# Cleaning Data and Joining Datasets

In [None]:
## find 2 datasets 

## I. Cleaning Data

Cleaning data is often an important first step, data is rarely clean and nicely formatted. This can range from having to change datatypes to having to deal with null values, or oddly inputted null values for example using a string with "No Value Found". 

## II. Data Normalization

Very often we will need to normalize our data. For the most apt data analysis we want our data to be finely defined. If we have for example income per geocode, or per state. That is a poor comparison point as certain states have more people than others, in order to get meaning from this data we need to normalize the data. Below multiple methods of normalization will be discussed as well as how to do them using the python library `pandas`

### Monetary Adjustments 

#### Adjusting for Inflation

When working with time-series data, that is data over time.

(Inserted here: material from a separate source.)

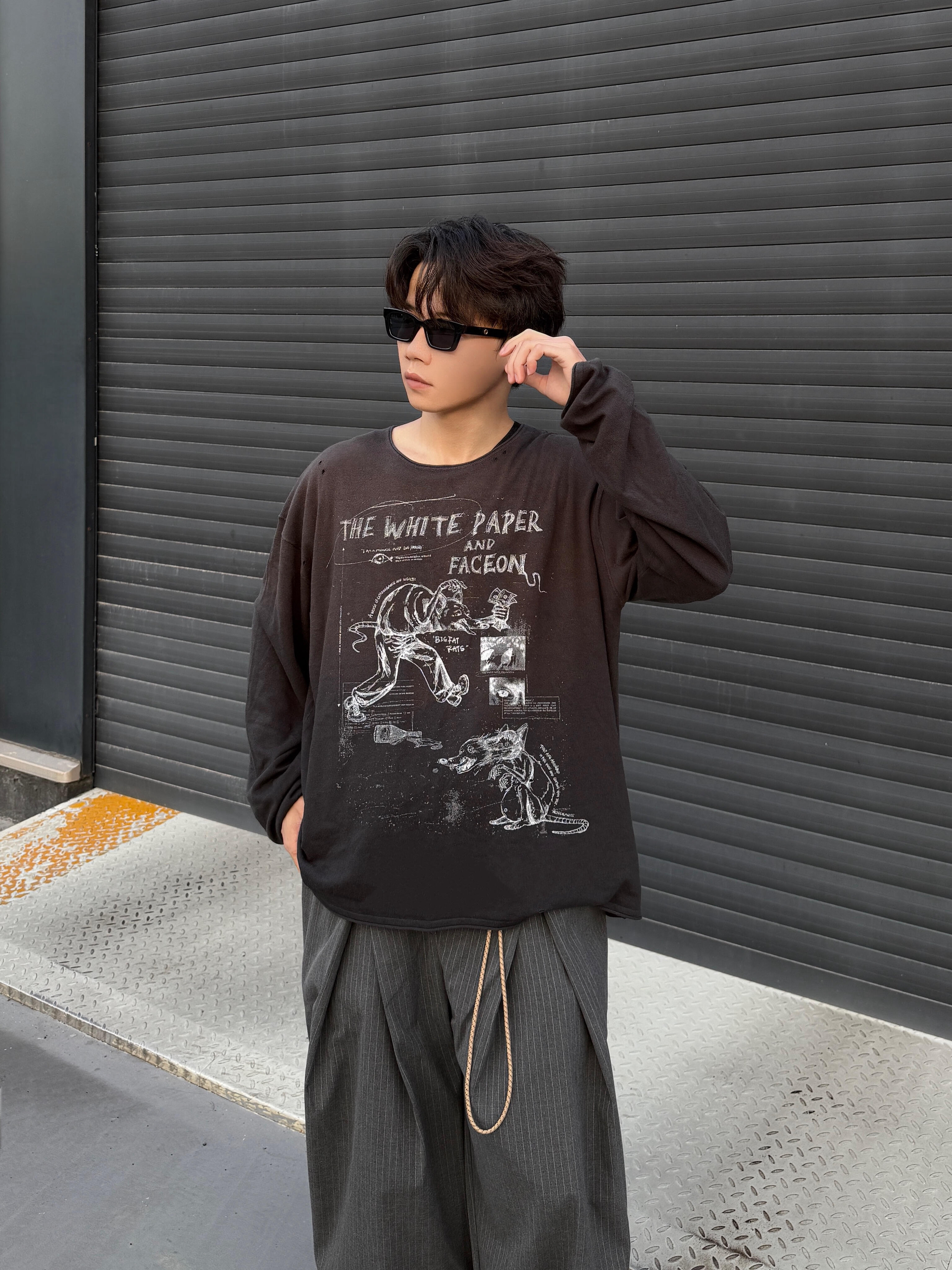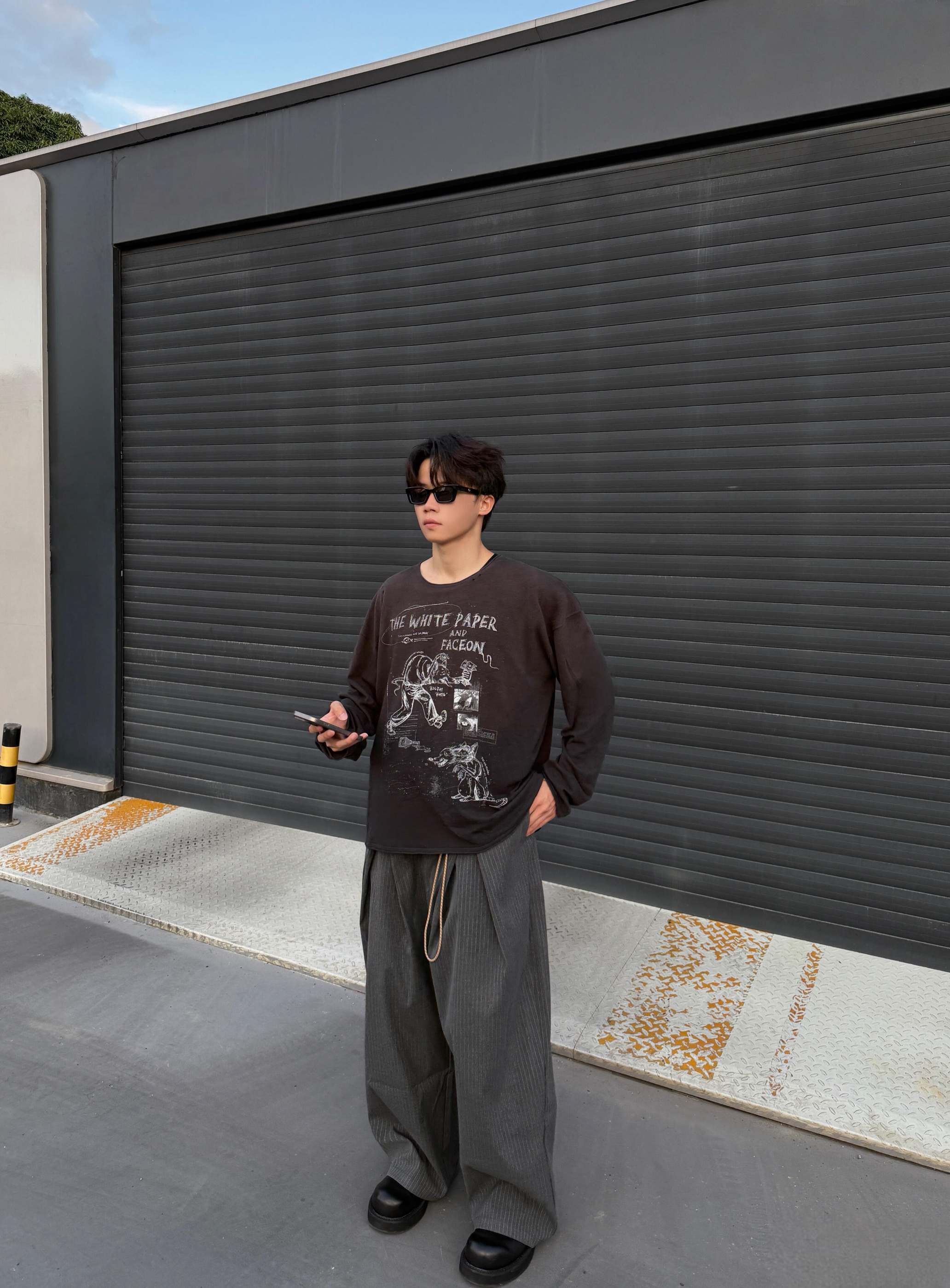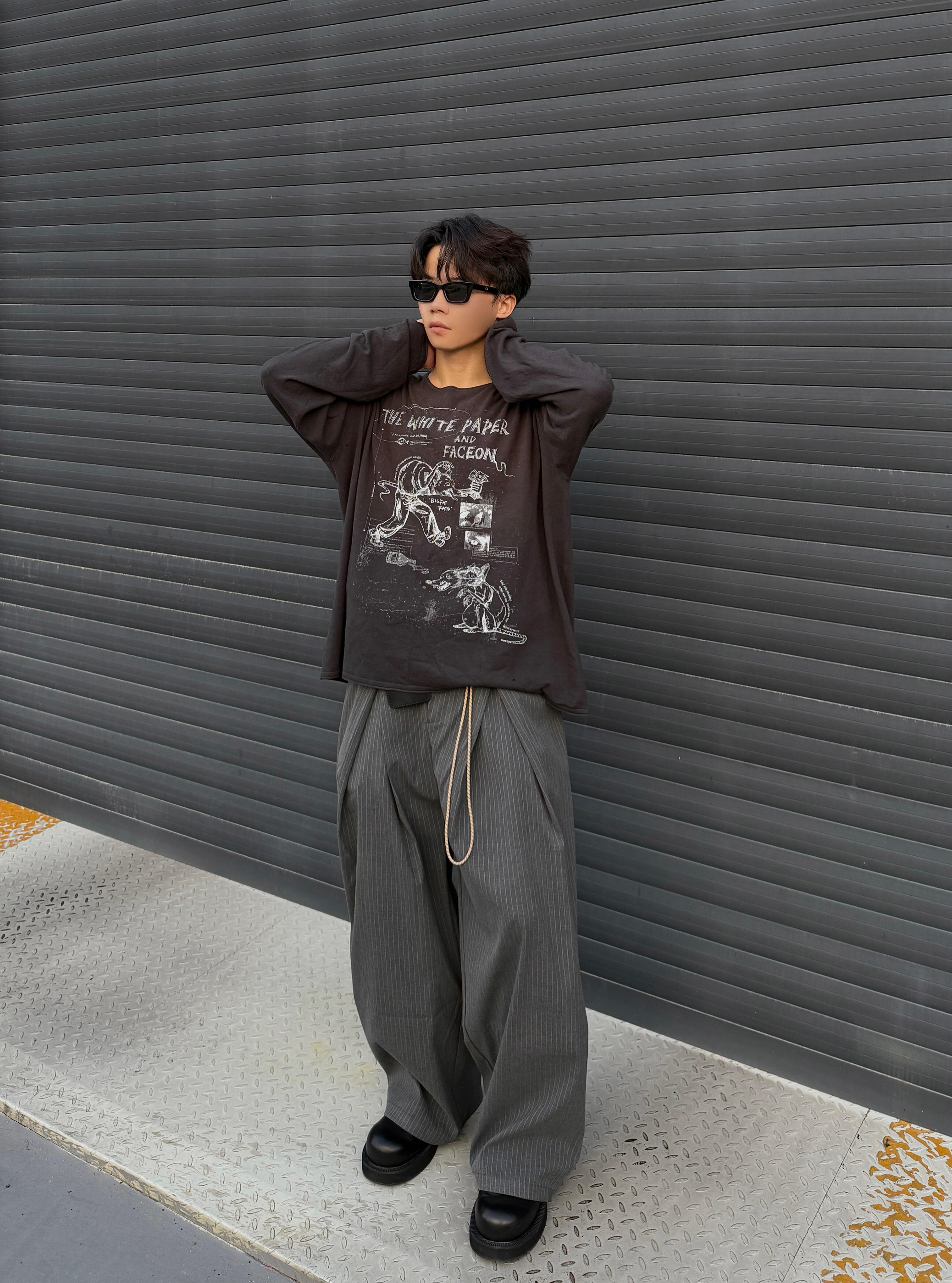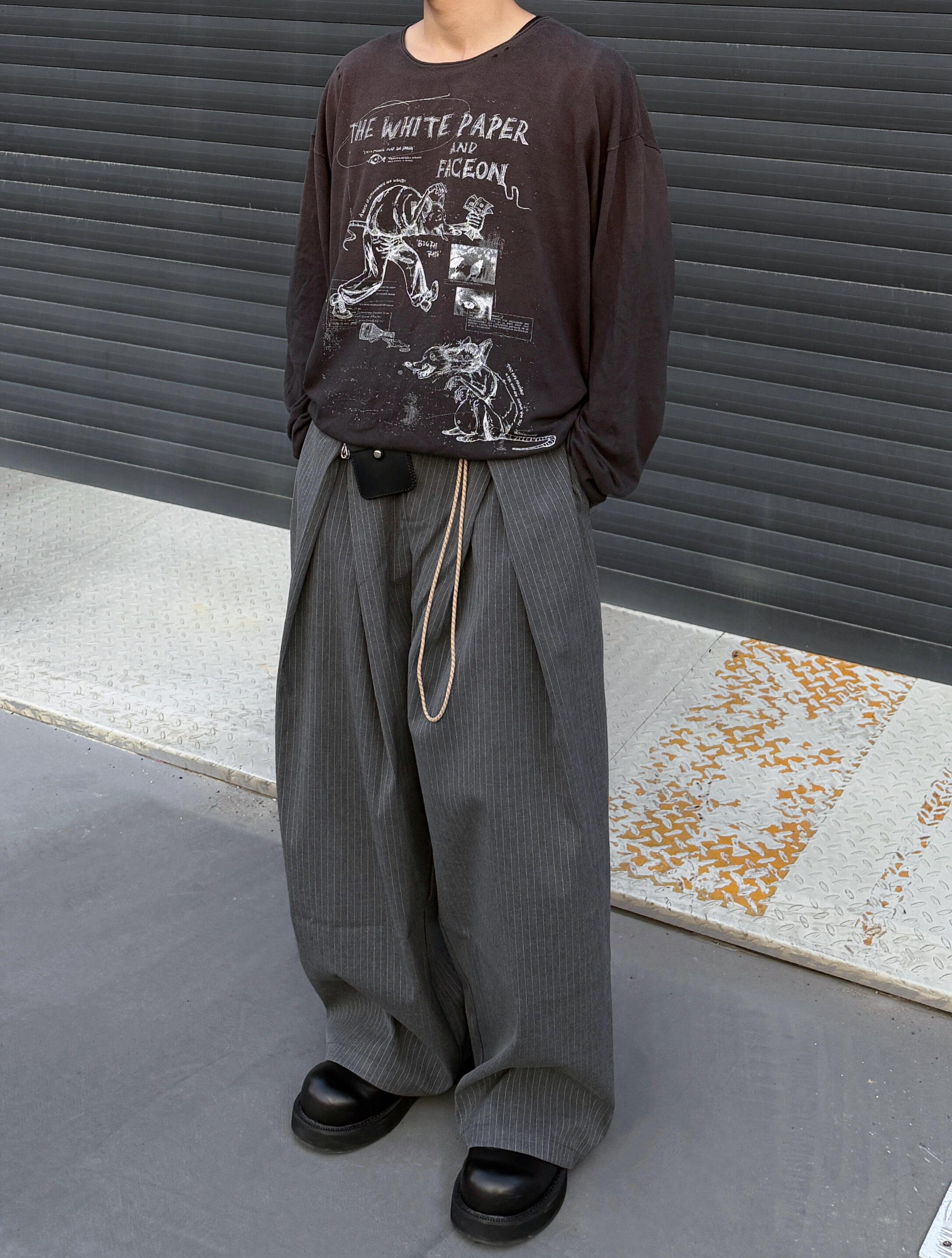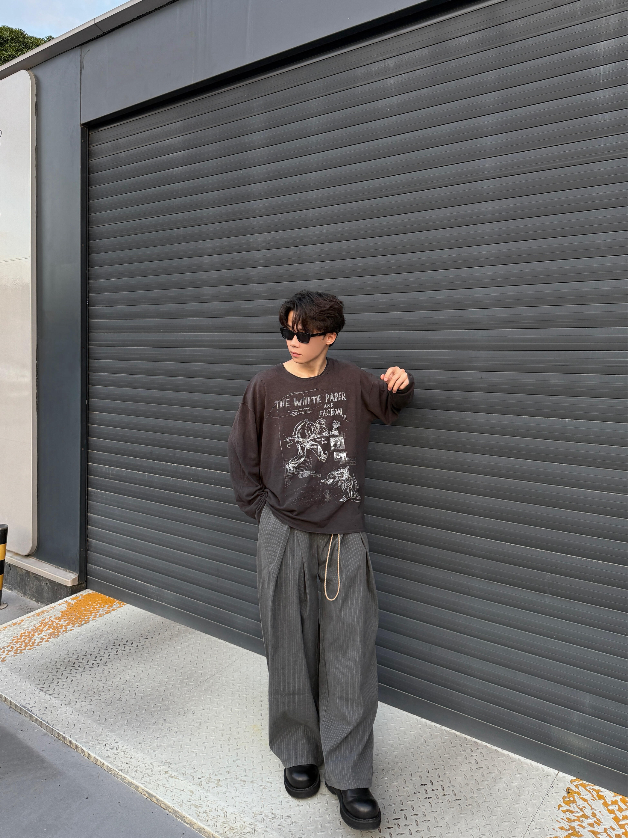 【做旧印花长袖T与线条西裤的随性潮流碰撞】,由用户 NewBoy- 分享,来自IP未知。这是一篇来自识货社区的真实用户分享笔记。

Adjusting for inflation is important. USD in 2009 is not valued the same as USD in 2024. 

#### Standardizing to one Currency

When dealing with data from multiple countries for example we may need to add an extra step. We should standardize the currencies to one currency. This is more complicated when dealing with multiple countries across multiple years. We will need to adjust for inflation for each individual country and then standardize to one currency

### Adjusting for Population 

When dealing with larger scale collected data we often need to take population size into account. If we have covid infections, we want to scale that by the population within our geographic region of covid infections. To do this we can simply standardize over our population: 
$$ \frac{\text{covid infections}_i}{\text{total population}_i}$$
Where i is the location, so for each location our output would be the number of covid infection in that location divided by the number of people in the location

#### Standardization

If we have data that is not necessarily related to other columns but we want to understand scale properly we can use standardization

The simplest definition of standardization is: 
$$\phi(x) = \frac{x - \overline{x}}{\sigma}$$
Where $\overline{x}$ is the column mean, and $\sigma$ is the standard deviation of the column

## III. Joining Datasets


There are multiple ways to merge or join datasets. To do this we will do what is called a join. There are 4 main types of joins to know **left**, **right**, **inner**, and **outer**. There are other variations of joins but these 4 are all that you need to understand to do most, if not all dataset joining. 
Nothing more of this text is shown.